» Records for this exercise:
<<<<

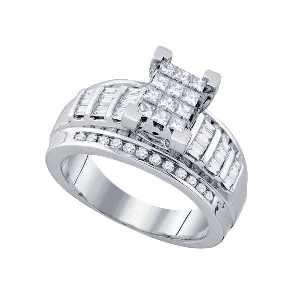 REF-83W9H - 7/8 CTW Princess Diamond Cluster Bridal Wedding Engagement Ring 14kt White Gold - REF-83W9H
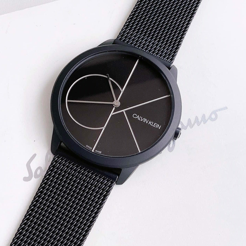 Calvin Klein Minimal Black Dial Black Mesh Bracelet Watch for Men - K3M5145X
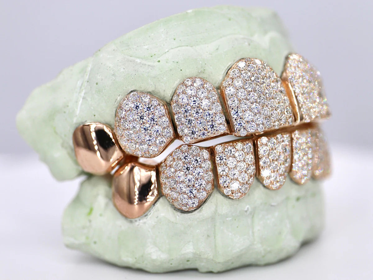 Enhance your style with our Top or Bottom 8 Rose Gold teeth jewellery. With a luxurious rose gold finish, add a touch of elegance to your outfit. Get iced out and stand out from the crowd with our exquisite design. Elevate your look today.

>>>>
<<<<

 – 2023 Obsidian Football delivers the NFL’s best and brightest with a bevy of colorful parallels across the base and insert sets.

>>>>

Would you copy out, exactly and with no pictures, only the lines above from the one that contains "Calvin Klein Minimal" through the one that contains "Enhance your style"?

 Calvin Klein Minimal Black Dial Black Mesh Bracelet Watch for Men - K3M5145X
 Enhance your style with our Top or Bottom 8 Rose Gold teeth jewellery. With a luxurious rose gold finish, add a touch of elegance to your outfit. Get iced out and stand out from the crowd with our exquisite design. Elevate your look today.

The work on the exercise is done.